How To Make Stuffed Mushrooms With Roasted Red Peppers And Manchego Cheese
- 1 jarred roasted red pepper
- 1⁄4 teaspoon salt
- 1⁄8 teaspoon pepper
- 24 mushrooms (white or cremini)
- 2 ounces manchego cheese, shredded (about 1/2 cup)
- 2 tablespoons extra virgin olive oil
- 2 tablespoons minced fresh parsley leaves
Start by gently wiping the mushroom caps clean, ensuring they are free from any debris. Make sure to completely remove the stems.
Give the roasted red pepper a thorough rinse and then gently pat it dry. Proceed to slice it into thin, elegant strips.
For the cooking process, position the oven rack in the lower one-third of the oven, and preheat it to 450°F (232°C). Line a baking sheet with foil for easy cleanup. Take the mushroom caps and toss them with oil, salt, and pepper until evenly coated. Place them gill side down on the prepared baking sheet, ready for roasting. Let them roast for approximately 25 minutes or until they release their juices and slightly shrink in size.
Once roasted, carefully take the mushroom caps out of the oven and allow them to cool slightly. When they are cool enough to handle, flip them over, and proceed to fill them with cheese, topping them with a few strips of the prepared red pepper. If you prefer to pause here, cover the filled mushrooms and refrigerate them for up to 2 days. Keep in mind that you may need to add a couple of extra minutes to the cooking time when you decide to bake them later.

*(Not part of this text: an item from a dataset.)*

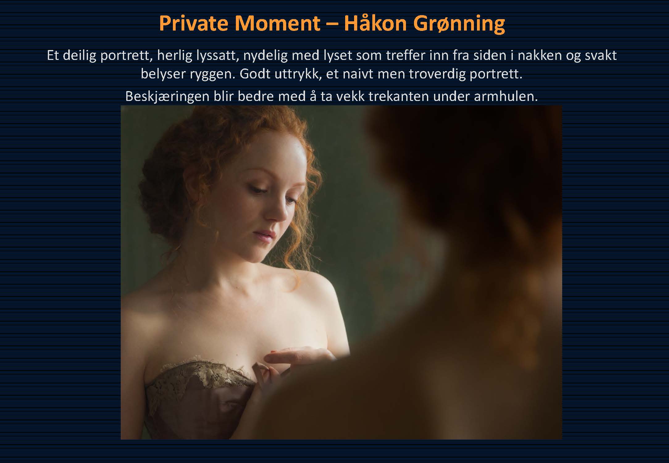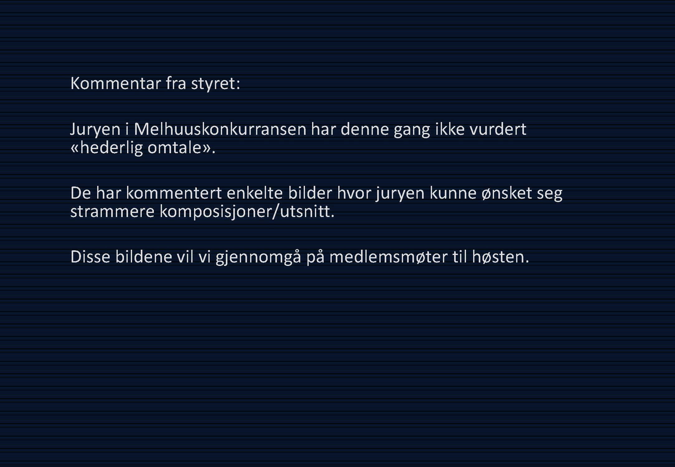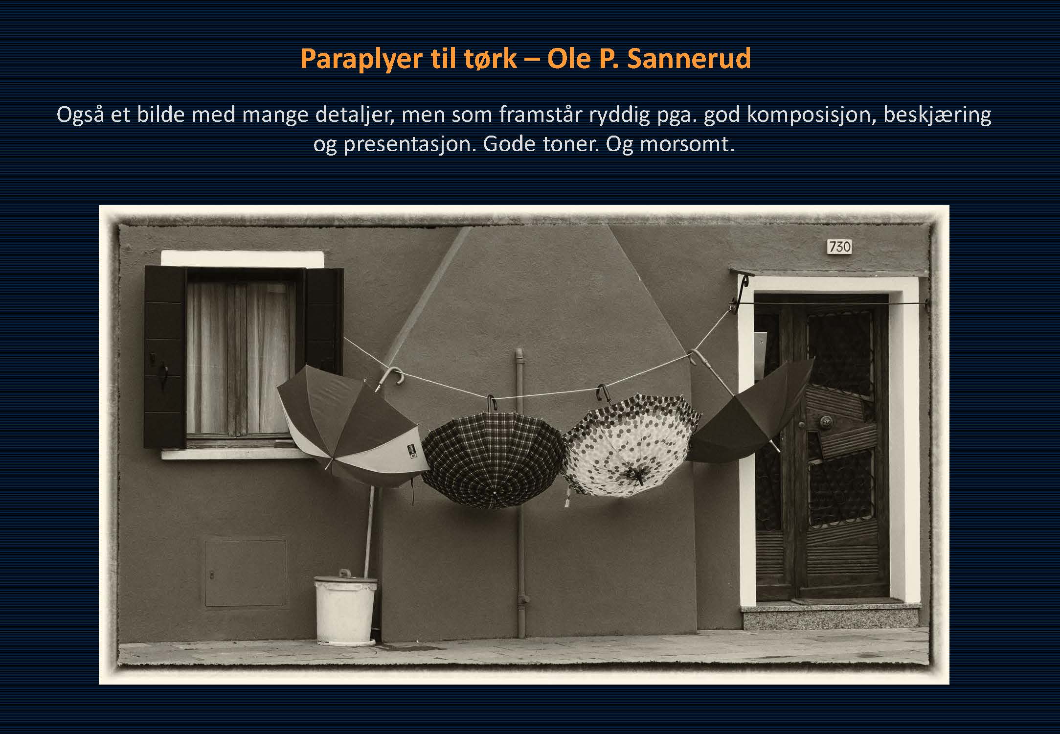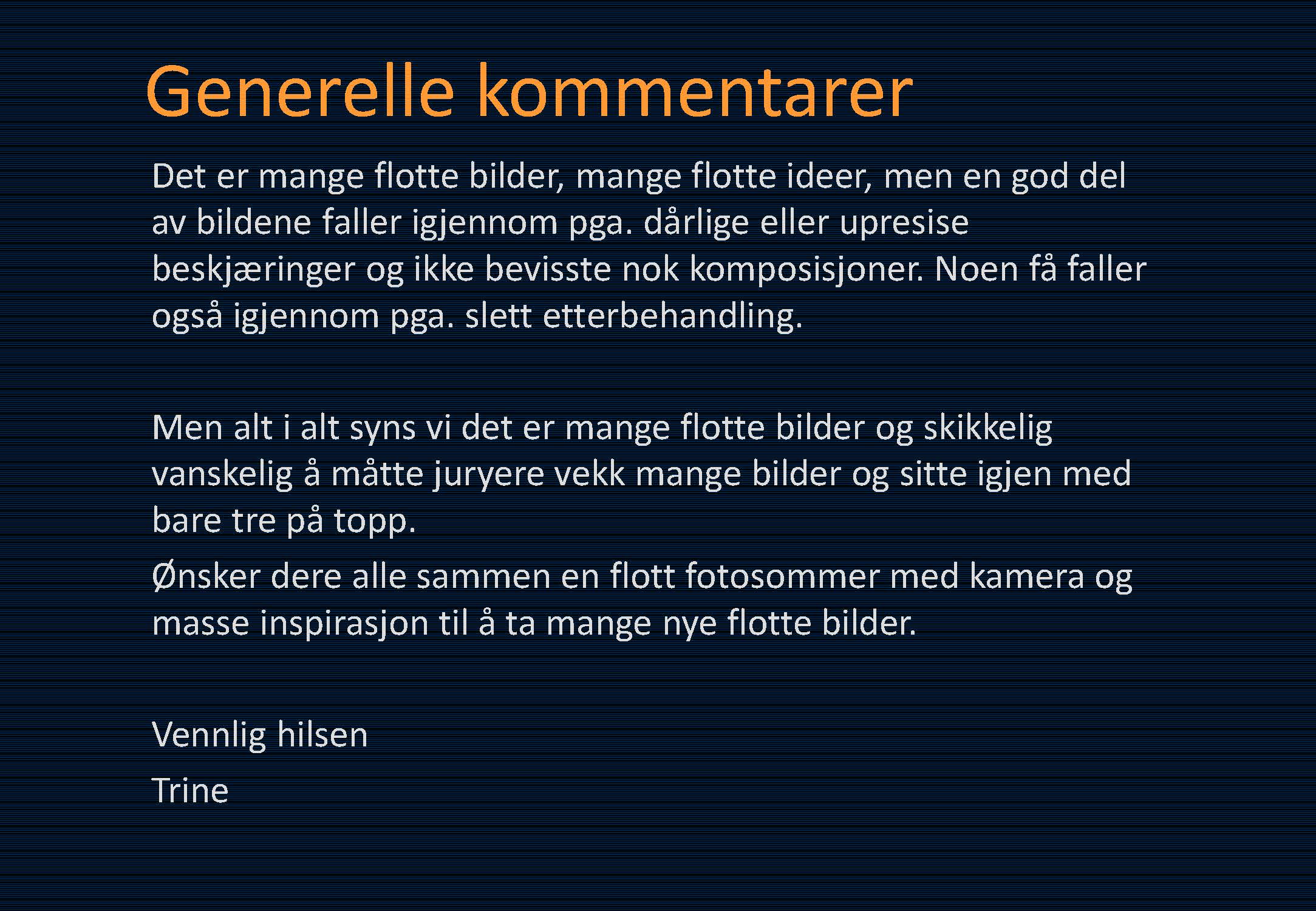 Det er mange flotte bilder, mange flotte ideer, men en god del av bildene faller igjennom pga. dårlige eller upresise beskjæringer og ikke bevisste nok komposisjoner. Noen få faller også igjennom pga. slett etterbehandling.
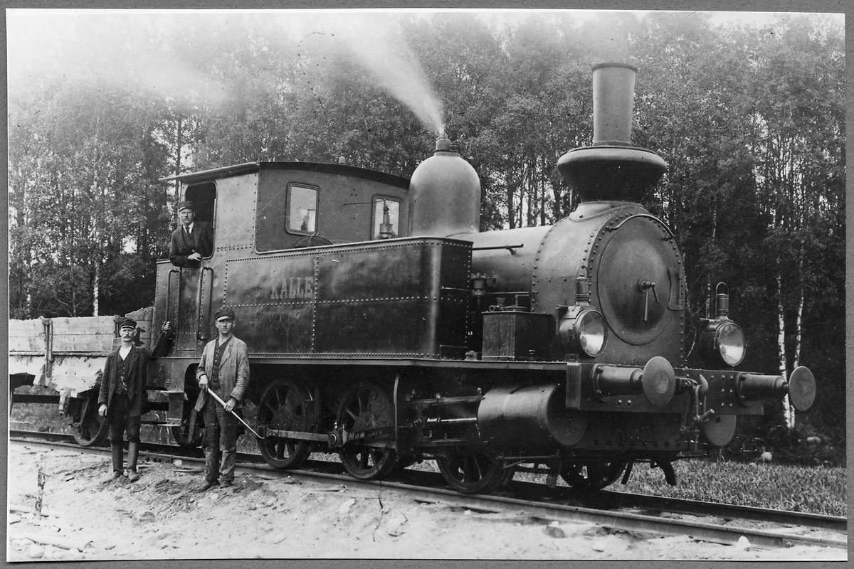 Ångloket "Kalle" vid byggandet av Varberg - Ätrans Järnväg, WbÄJ. Ägare entreprenören Saabye & Lerche.

When you’re ready to serve, bake the mushrooms until they are heated through, and the cheese is delightfully melted and bubbling, which should take around 20 minutes. Carefully transfer them to a serving platter, and for a finishing touch, sprinkle them with fresh parsley. Allow the mushrooms to rest for 5 minutes before serving, letting the flavors settle and meld beautifully.